Study staff recruited participants by making presentations to mental health staff within the Atlanta VA Medical Center, distributing flyers in the Mental Health Clinic, advertising on Medical Center–wide VA TV, placing advertisements in local free weekly newspapers, and announcing the study in ongoing PTSD groups. This effort generated 96 telephone screenings. Thirty-four of these declined participation. Many expressed a fear that VRE would cause an increase in PTSD symptoms. Another 25 did not meet study criteria. Face-to-face assessments were scheduled with 37 potential participants. Of these, 27 potential participants were assessed. Sixteen did not meet study criteria. Six of these did not have severe enough PTSD, six had active substance abuse, two were already in treatment with one of the study psychotherapists, one could not get permission from his VA psychiatrist to participate, and one appeared psychotic. Eleven were accepted into the study. Six were Caucasian and five were African American. Six participants were randomized into the VRE condition and five into the PCT control group. The mean age of the VRE group was 57 (range = 53–61 years, SD = 3.02); the mean age of the PCT control group was 58 (range = 55–62, SD = 3.05 years). Two patients did not complete treatment. One VRE patient dropped out in the third session and did not report any negative effects of study participation. Another PCT patient had unexpected scheduling problems that prevented starting treatment. Nine patients completed study-related treatment, five in the VR condition and four in the PCT condition. The study was conducted at the Atlanta VA Medical Center, was approved by the local Instructional Review Board, and overseen by the Atlanta VA Medical Center's Research and Development Committee. All patients gave written informed consent.

Measures

Structured Clinical Interview for DSM-IV (SCID)²³

This is a widely used clinical interview that was conducted at baseline to rule out excluded diagnoses.

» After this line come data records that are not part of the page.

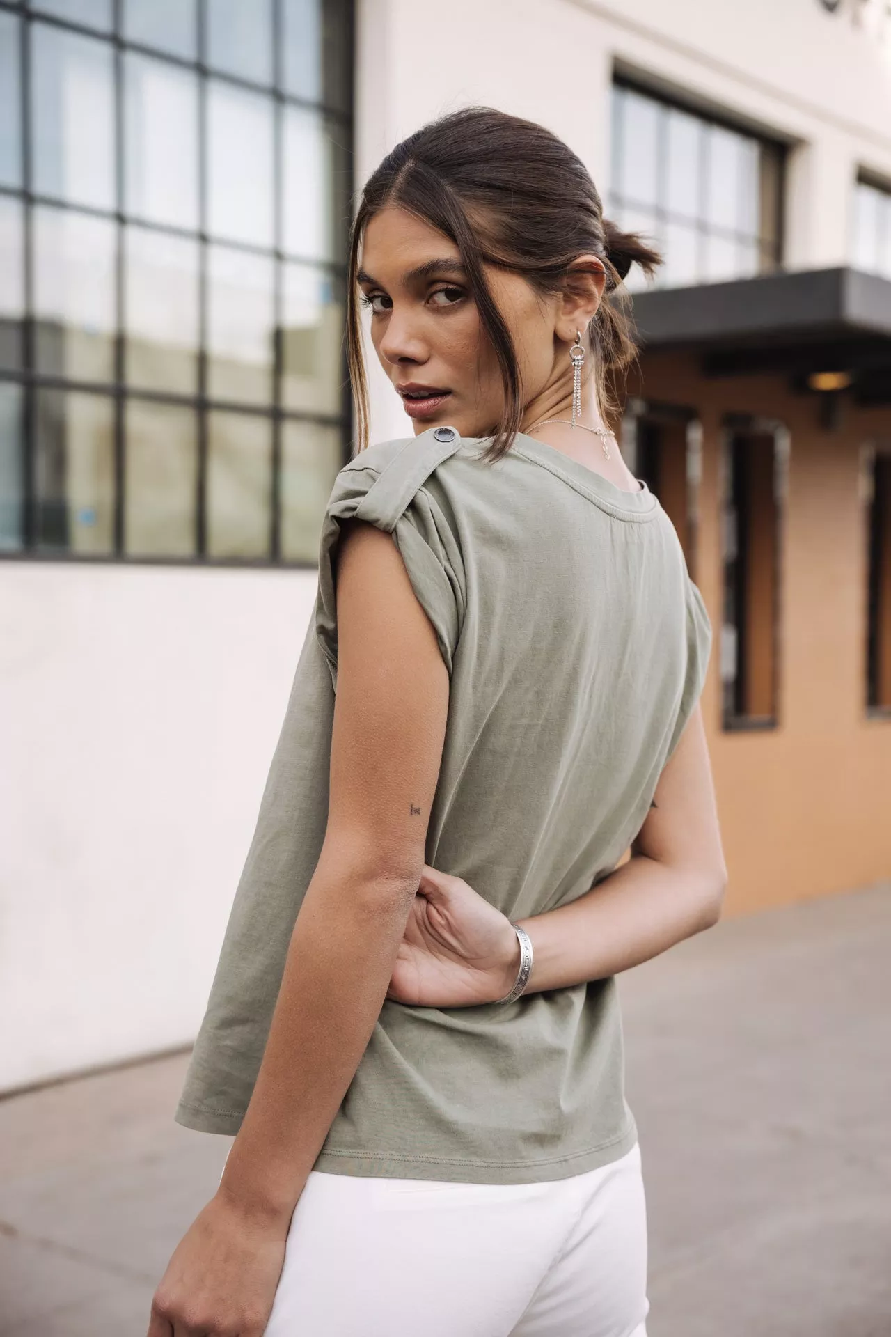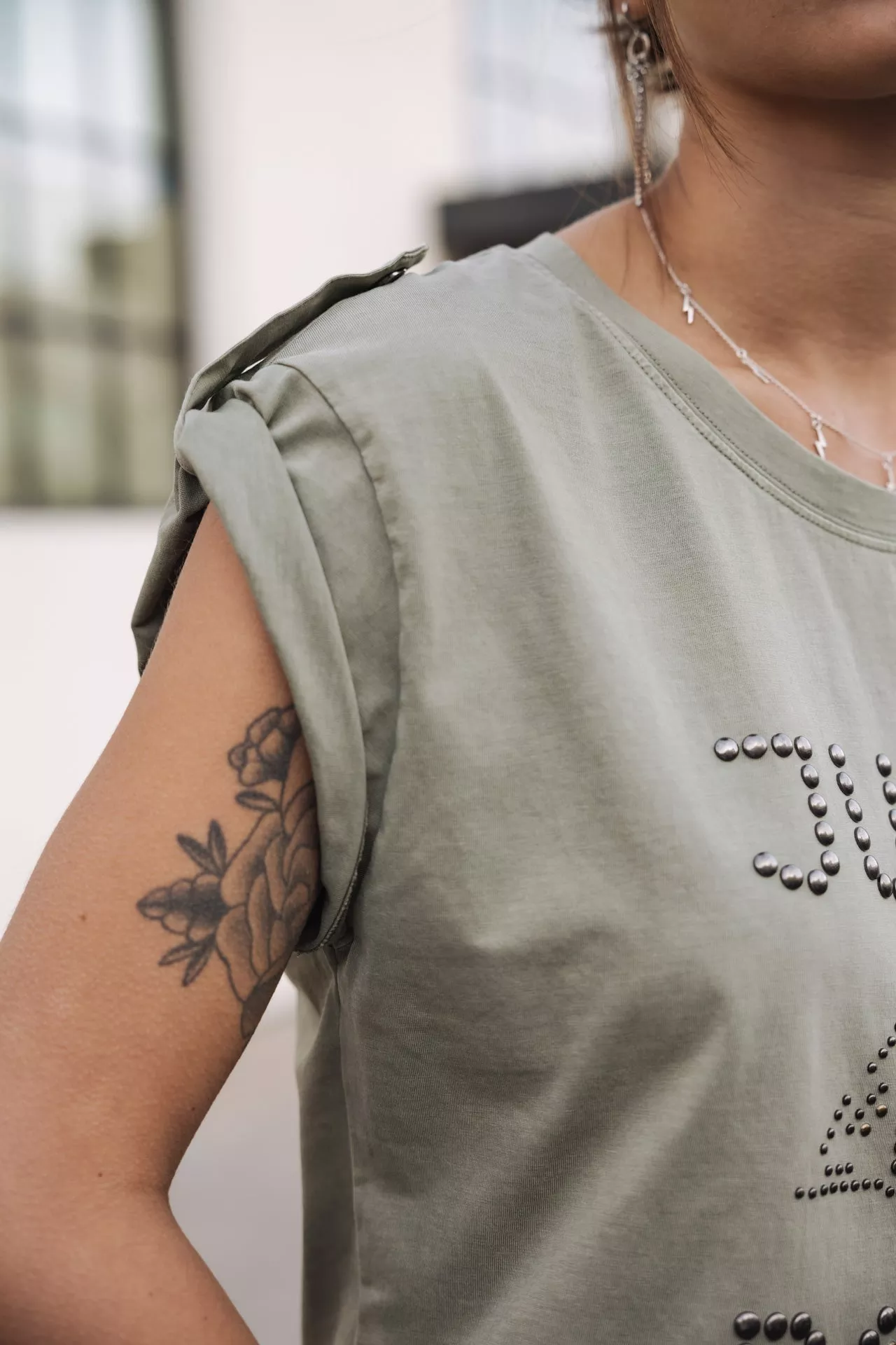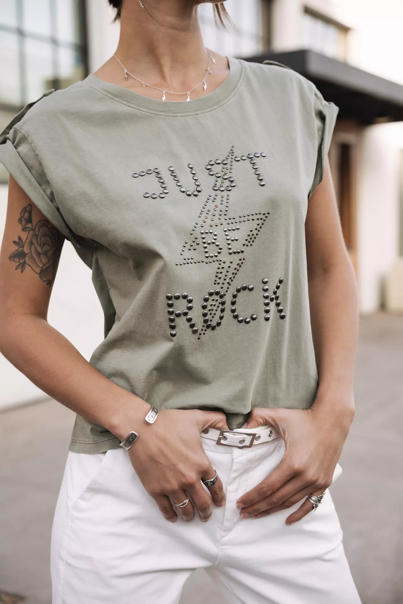 • T-shirt manches courtes retroussées• Encolure ronde• Pattes boutonnées sur les épaules• Texte clouté sur le devant• Tissu jersey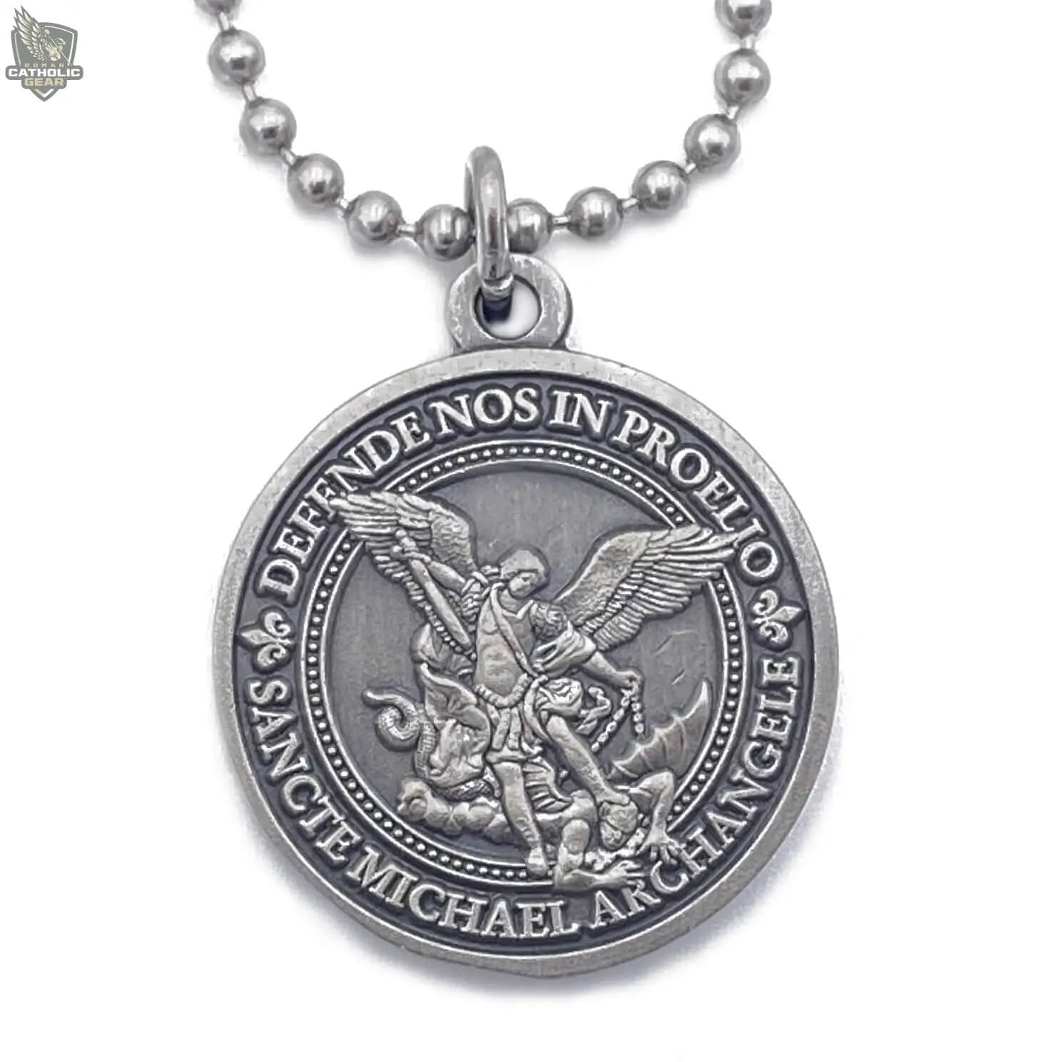 The front honors St. Joseph — Most Chaste, Terror of Demons — lilies surrounding his heart as a sign of purity and strength. The reverse bears St. Michael with the Latin charge “Defende nos in proelio” — Defend us in battle.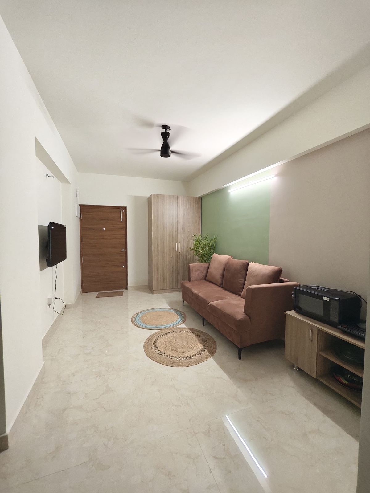 Բարի գալուստ մեր բոլորովին նոր, ընդարձակ 2 - BHK բնակարան, որը իդեալական է հարմարավետություն և հարմարավետություն փնտրող ընտանիքների և զույգերի համար ։ Ննջասենյակներում կան երկտեղանի կամ երկտեղանի մահճակալներ ՝ փափուկ օրթոպեդիկ ներքնակներով ՝ գիշերային հանգիստ քնելու համար ։ Հանգստացեք մեծ հյուրասենյակում ՝ 43 դյույմանոց Սմարթ հեռուստացույցով, կայծակնային արագ Wi - Fi - ով և հատուկ ճաշասենյակով ։ Այն ունի երկու գերմաքուր լոգասենյակ ՝ լոգարանի հիմնական պարագաներով ։ Լիովին կահավորված խոհանոցը ներառում է բարձրորակ կենցաղային տեխնիկա և սպասք ձեր խոհարարական արկածների համար:
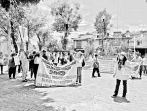 Más de medio centenar de personas se juntaron en la plazuela del primer pueblo para marchar por Eje 10 y avenida Aztecas con un cartel al frente en el que reclamaron al alcalde, Giovani Gutiérrez, de haber concedido una licencia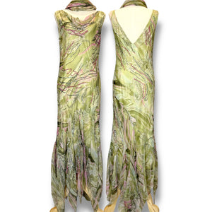 เดรสวินเทจโทนเขียวอ่อนปนชมพู ลายริ้วหวานละมุนชวนให้นึกถึงกลีบดอกไม้เคลื่อนไหวในสายลม ตัวชุดมีชายผ้าระบายด้านล่าง พร้อมผ้าคลุมไหล่เข้าชุด สวมใส่ได้ลื่นสบาย ดูโรแมนติกและโดดเด่น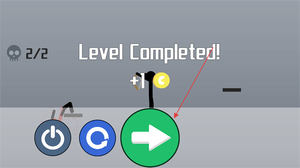 4、成功击杀所有目标后,显示LevelCompleted!,点击绿色箭头按钮进入下一关,同时获取金币奖励。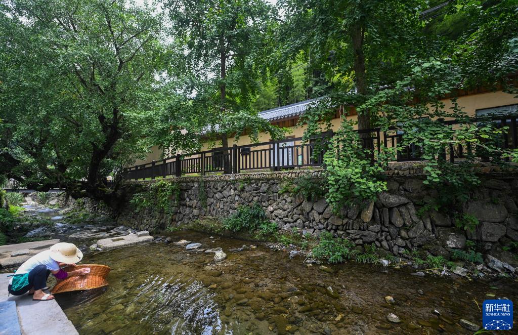 7月13日拍摄的湍口镇湍源里民宿集群。这个由闲置粮仓和村民旧居改造而成的民宿由当地新乡贤出资打造并经营,为村集体增加租金收入300万元,带动100余人次就业。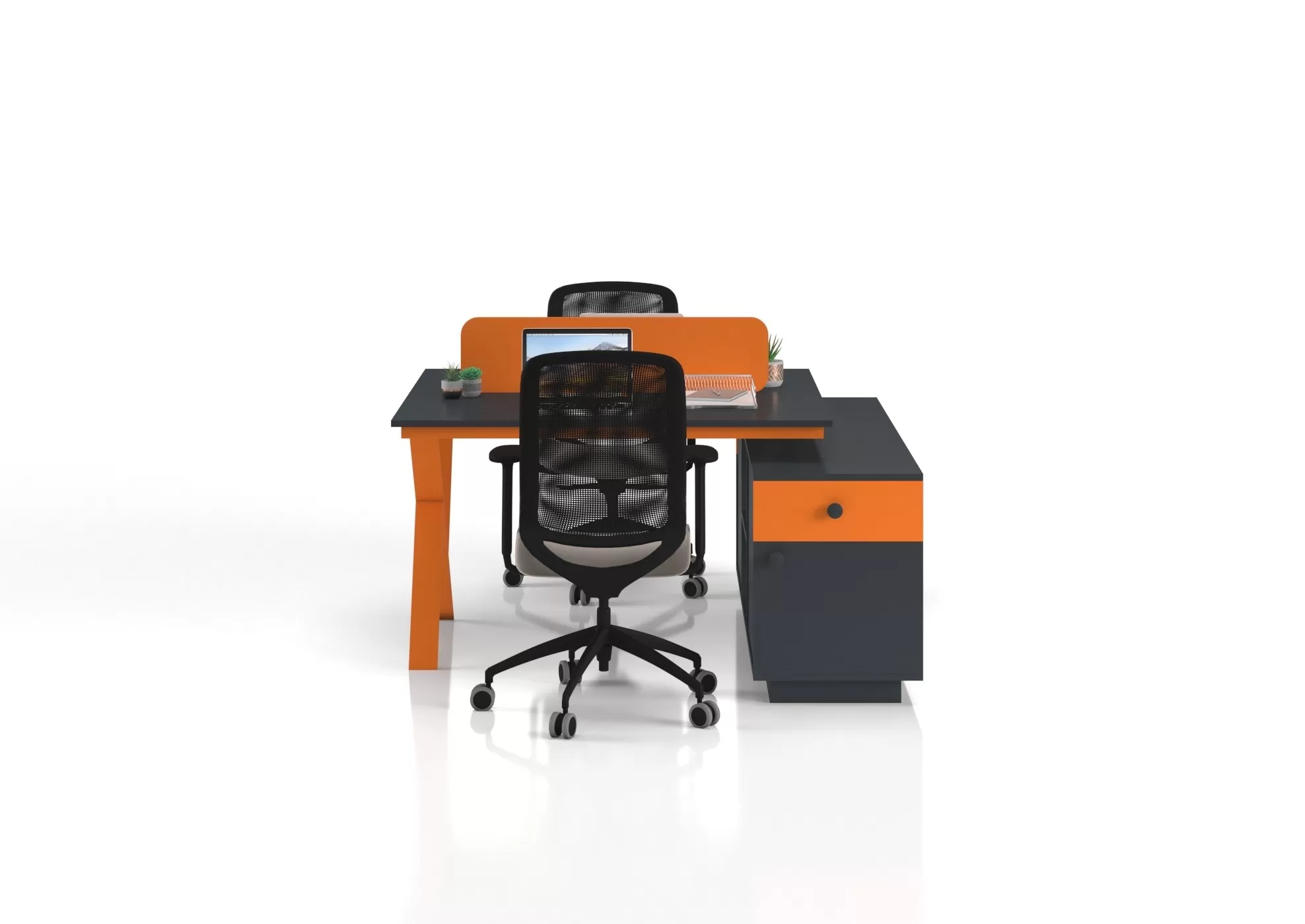 Canlı turuncu detaylarla modern tasarım; Giraldo İkili Çalışma Masası, ofisinizde enerji dolu bir atmosfer yaratır!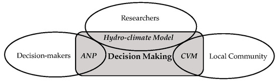 The conceptual framework used in this study is illustrated in Figure 2. The objective of the study was to investigate the relationship between local community, researchers, and decision-makers. For this purpose, ANP as a decision-making approach and CVM as economic evaluation were used to quantify the flood mitigation efficiency and to assess social acceptability of flood mitigation strategies in the study area.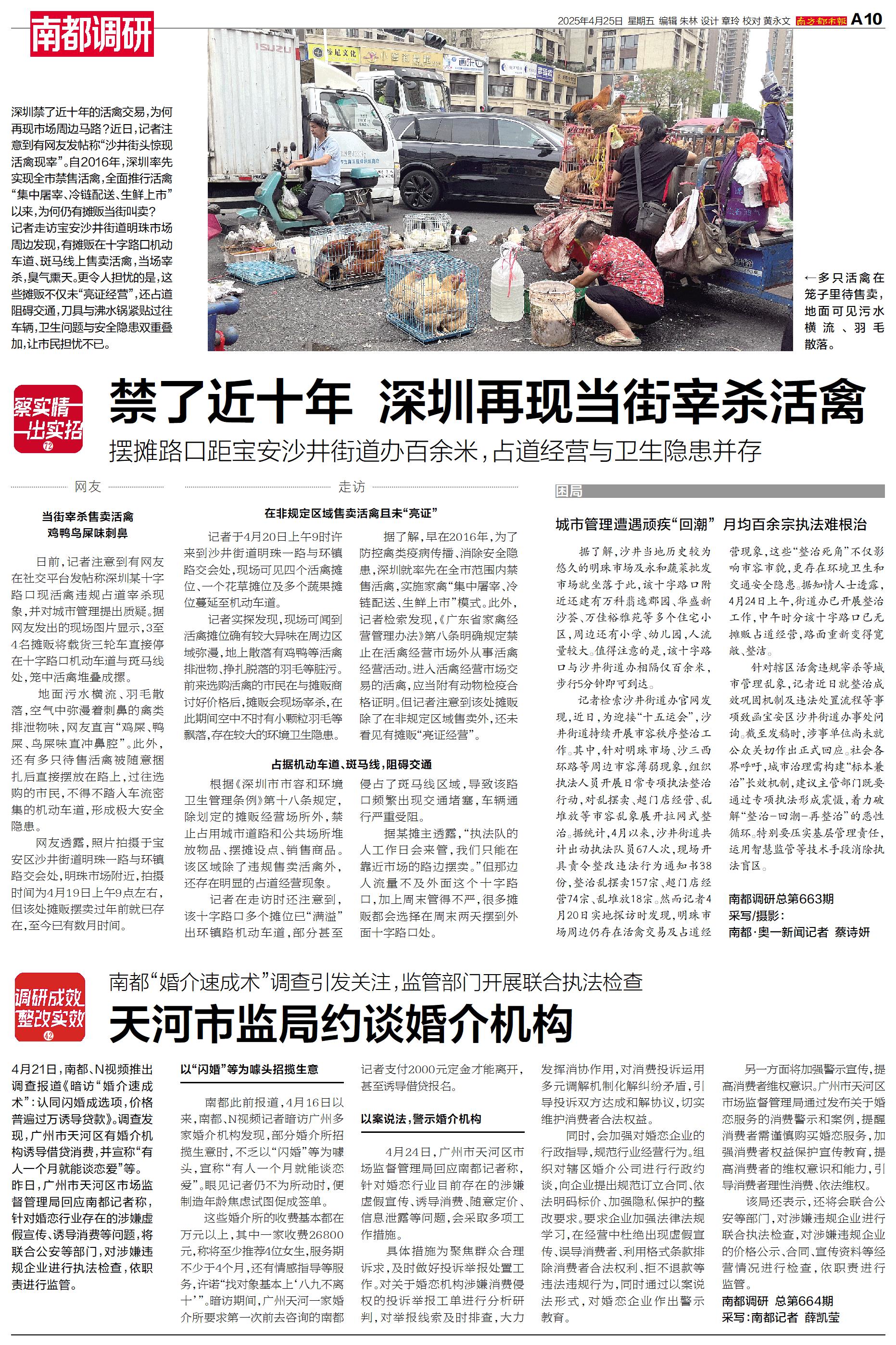 4月21日,南都、N视频推出调查报道《暗访“婚介速成术”:认同闪婚成选项,价格普遍过万诱导贷款》。调查发现,广州市天河区有婚介机构诱导借贷消费,并宣称“有人一个月就能谈恋爱”等。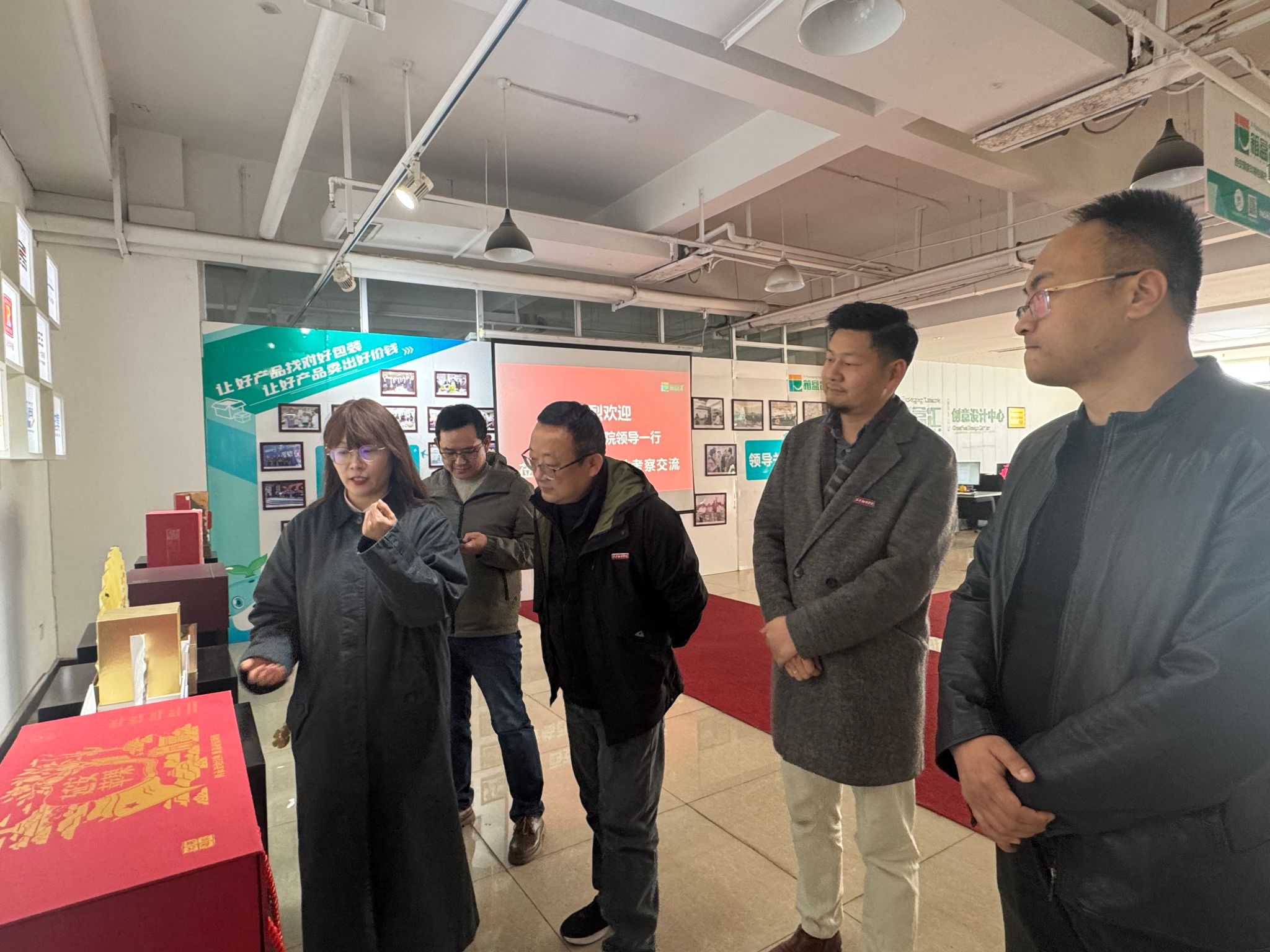 交流中,袁学武董事长详细介绍了西安印刷包装产业基地的发展历程、产业布局及核心优势,并重点阐述了基地三大未来发展方向:一是搭建创意设计展示平台,策划举办涵盖陕西特色包装设计、IP形象创作、文创产品开发、非遗活化设计等多门类的创意设计大赛,激活本土设计创新活力;二是构建特色产业设计生态链,聚焦医药、茶叶、白酒、羊奶、苹果、猕猴桃等陕西优势龙头产业,打造"3+X"多元化发展模式,助力区域产业品牌升级;三是完善产业生态服务体系,通过线上线下融合发展拓宽产业边界,强化版权保护与运营,构建良性循环的产业生态闭环。
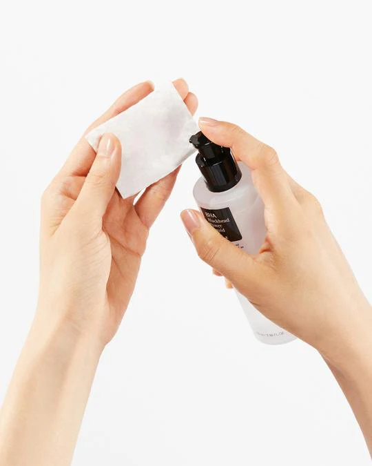 Solución exfoliante enriquecida con un 4 % de beta hidroxiácidos (BHA) uno de los ingredientes más efectivos para tratar los puntos negros y poros tapados.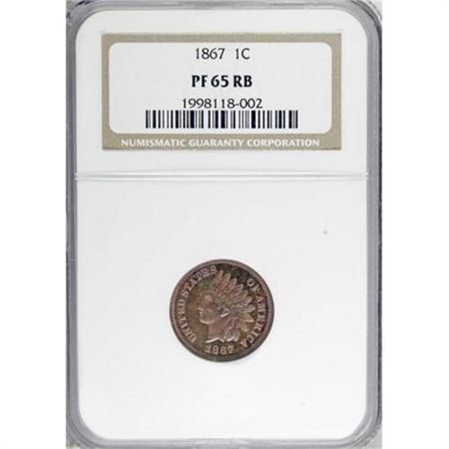 <B>1867 1C PR65 Red and Brown NGC.</B></I> Deeply toned in layers of fire-red, sunset-orange, and royal-blue over both sides. This outstanding Gem proof specimen is fully struck on all of the design elements. Contact marks are nonexistent, and carbon specks are minimal in number. Census: 38 in 65 Red and Brown, 9 finer (7/07). <BR><BR><B>Coin Engraver:</B> James B. Longacre<BR><BR><b>Shipping:</b> Coins & Currency (<a target="_blank" href="http://www.heritageauctions.com/common/shipping.php">view shipping information</a>)

Clinician-Administered PTSD Scale (CAPS)²⁴

This is an interview based on the diagnostic criteria for PTSD found in DSM-IV. Although containing a total of 30 items that assess both symptoms and associated features of PTSD, total CAPS scores as typically reported in treatment outcome studies comprise 17 core items assessing the frequency and intensity of the 17 potential symptoms of PTSD. Widely used for over a decade, the CAPS has excellent reliability and excellent convergent and discriminant validity.²⁵ For the present study, its coefficient alpha based on the 17 PTSD symptom items was 0.54, 0.88, and 0.87 at baseline, posttreatment, and follow-up respectively.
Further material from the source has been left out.